FIG. 4 is a histogram of the activation ability of Catalase (CAT) in mice of each experimental group of the present invention, as shown in FIG. 4, the CAT activation ability of the mice in the AM, LNE, MNE and HNE groups is smaller than that of the mice in the NC group, because the CAT activation ability in the mice decreases after the mice are drunk; the CAT activation capability of mice in LNE, MNE and HNE groups is greater than that of mice in AM group, which shows that the anti-alcoholism composition can improve the CAT activation capability of mice, the anti-alcoholism capability and the liver protection capability; the CAT activation capability of mice in LNE, MNE and HNE groups is gradually increased, which shows that the anti-inebriation composition solution with high concentration can obviously improve the CAT activation capability of the mice, and improve the anti-inebriation capability and the liver protection capability.

C. Total Triglyceride (TG) levels in the serum of each mouse were tested, and the mean TG levels in the serum of each group of mice were calculated and plotted in a histogram. FIG. 5 is a histogram of TG in serum of mice in each experimental group of the present invention, and as shown in FIG. 5, TG content in serum of mice in AM, LNE, MNE and HNE groups is greater than TG content in serum of mice in NC group, because TG content in serum of mice increases after the mice are drunk; the TG content in the serum of the mice in the LNE, MNE and HNE groups is less than that in the serum of the mice in the AM group, so that the antialcoholic composition can reduce the TG content in the serum of the mice and has good antialcoholic capability; and the TG content in the serum of the mice in the LNE, MNE and HNE groups is gradually reduced, which shows that the antialcoholic composition solution with high concentration can obviously reduce the TG content in the serum of the mice and has better antialcoholic effect.
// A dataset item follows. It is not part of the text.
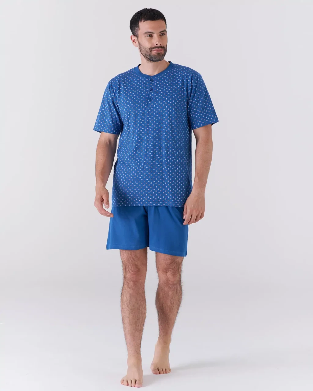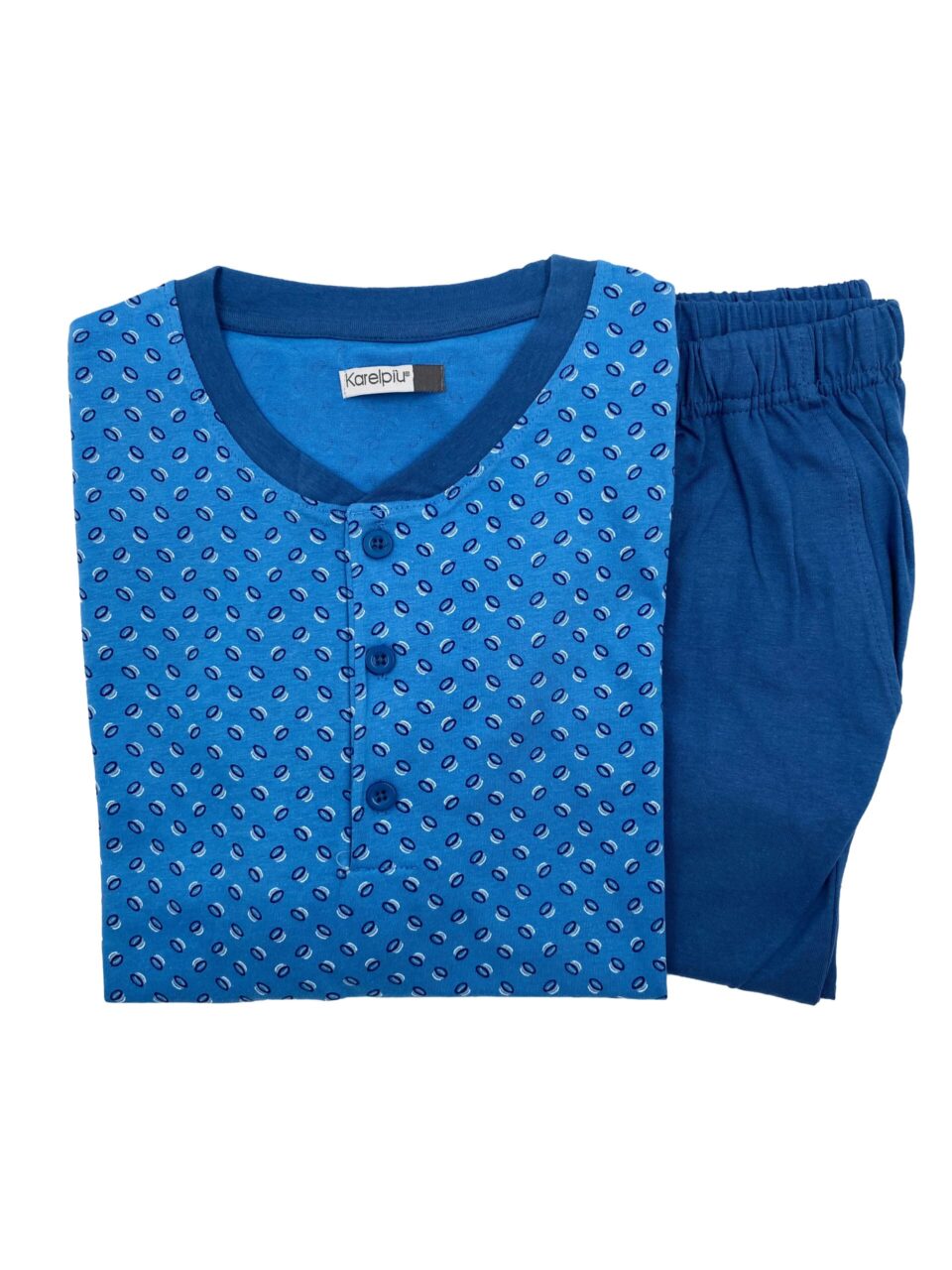 Pigiama uomo corto in cotone Karelpiù KC6195: perfetto per le calde notti estive, questo pigiama è pensato per offrirti il massimo del comfort e della freschezza. Realizzato in cotone, è ideale per chi cerca pigiami leggeri e traspiranti. Il design a serafino con i bottoni sul collo aggiunge un tocco di stile casual ma elegante, mentre la casacca con piccoli disegnini e il pantaloncino tinta unita rendono questo pigiama estivo uomo versatile e piacevole da indossare.

Total Cholesterol (TC) levels in the serum of each mouse were tested, and the mean value of TC levels in the serum of each group of mice was calculated and plotted as a histogram. FIG. 6 is a histogram of TC in serum of mice in each experimental group of the present invention, as shown in FIG. 6, the TC content in serum of mice in AM, LNE, MNE and HNE groups is greater than the TC content in serum of mice in NC group, because the TC content in serum of mice increases after the mice are drunk; the TC content in the serum of the mice in the LNE, MNE and HNE groups is less than that in the serum of the mice in the AM group, so that the antialcoholic composition can reduce the TG content in the serum of the mice and has good antialcoholic capacity; and the TG content in the serum of the mice in the LNE, MNE and HNE groups is gradually reduced, which shows that the antialcoholic composition solution with high concentration can obviously reduce the TG content in the serum of the mice and has better antialcoholic effect.

Finally, it should be noted that: the above embodiments are only used to illustrate the technical solution of the present invention, and not to limit the same; while the invention has been described in detail and with reference to the foregoing embodiments, it will be understood by those skilled in the art that: the technical solutions described in the foregoing embodiments may still be modified, or some or all of the technical features may be equivalently replaced; and the modifications or the substitutions do not make the essence of the corresponding technical solutions depart from the scope of the technical solutions of the embodiments of the present invention.